Cryo-EM structures of an insecticidal Bt toxin reveal its mechanism of action on the membrane

Abstract

Insect pests are a major cause of crop losses worldwide, with an estimated economic cost of $470 billion annually. Biotechnological tools have been introduced to control such insects without the need for chemical pesticides; for instance, the development of transgenic plants harbouring genes encoding insecticidal proteins. The Vip3 (vegetative insecticidal protein 3) family proteins from Bacillus thuringiensis convey toxicity to species within the Lepidoptera, and have wide potential applications in commercial agriculture. Vip3 proteins are proposed to exert their insecticidal activity through pore formation, though to date there is no mechanistic description of how this occurs on the membrane. Here we present cryo-EM structures of a Vip3 family toxin in both inactive and activated forms in conjunction with structural and functional data on toxin-membrane interactions. Together these data demonstrate that activated Vip3Bc1 complex is able to insert into membranes in a highly efficient manner, indicating that receptor binding is the likely driver of Vip3 specificity.

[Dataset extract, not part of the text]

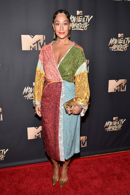 In a Jonathan Simkhai dress, Stuart Weitzman shoes, Roxanne Assoulin earrings, and an Edie Parker clutch.
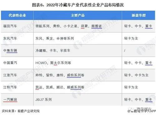 圖表6:2022年冷藏車產(chǎn)業(yè)代表性企業(yè)產(chǎn)品布局情況

Fig. 1. Structure of Vip3Bc1.

A Quaternary structure of Vip3Bc1 tetramer as shown from two views of the complex related by 90° for the EM density (i, ii) and model (iii, iv). B Model of Vip3Bc1 illustrating domain structure as a monomer. The model shown corresponds to subunit A. Primary trypsin processing site K205 is indicated. Domain structure with respect to the primary sequence can be seen in Supplementary Fig. 4.

Fig. 2. Vip3Bc1^act has a greater propensity to perturb liposome membranes compared with Vip3Bc1.

A Digestion of the complex increases activity according to CF dye release from LUVs upon addition of Vip3Bc1^act (red) and Vip3Bc1 (grey). Plotted data represents the mean and the error bars the standard deviation of the measurements from three independent replicates (Full data shown Supplementary Table 3 and 4). B Quaternary structure of Vip3Bc1^act tetramer as shown from two views of the complex related by 90° for the EM density (I, ii) and model (iii, iv). C Model of Vip3Bc1^act asymmetric unit, illustrating domain structure as a monomer. D Vip3Bc1^act tetrameric assembly as shown from the top conformation is consistent with a pore. E Pore structure of Vip3Bc1^act.

Fig. 3. Vip3^act directly visualised on liposome membranes.

Segmented density from cryo-ET shows interaction of Vip3Bc1^act (coloured) with the LUV membrane (white). Images inset show section through the tomogram of the matching particle in segmentation. Full tomogram can be visualised in Supplementary Movie 1. Scale bar 20 nm. B Scaled comparison between segmented density for a single particle in the tomogram, with 5 nm scale bar (i) compared to Vip3Bc1^act model (ii) with an overlay showing the stalk density fits the 4-helix bundle well, and the density which is distal to the membrane is consistent with single particle Vip3Bc1^act model. The helical stalk modelled in Vip3Bc1^act does not account for all of the stalk density observed in the sub-volume.

Fig. 4. Structural homology of Vip3 domains to counterpart 3D-cry domain.

Structural homology of Vip3 domains to counterpart 3D-cry domain. A Vip3Bc1 domain 2 and 3D-Cry domain 1 (Cry1A domain 1, PDB 6DJ4 shown) share a predominantly hydrophobic alpha helix surrounded by other helices in a bundle. B Vip3Bc1 domain 3 and 3D-Cry domain 2 (Cry1A domain 2 PDB 6DJ4) share a beta prism fold with three sides made up of antiparallel beta sheets. C Domains 4 Vip3Bc1 and 3D-Cry domain 3 (Cry1A domain 3, PDB 6DJ4 shown) share a twisted beta-sheet ‘jelly roll’ topology.

Fig. 5. Proposed model of Vip3Bc1 conformational rearrangement upon processing.

Cleavage at K205 liberates helices α1-α4 allowing dissociation of inter-subunit interactions at the tip of the complex (i), the helices of domains 2 that are C-terminal to the cut site (from α5 onwards), remain in essentially their original position stabilising the central interface of the tetramer. The α4 helices form a central helical bundle while the other helices N-terminal to the cut site (α1-3) are able to unfurl and move down between the propeller domains to form a new helical bundle (ii–v), which interacts with the membrane via the ends of the helical bundle (vi).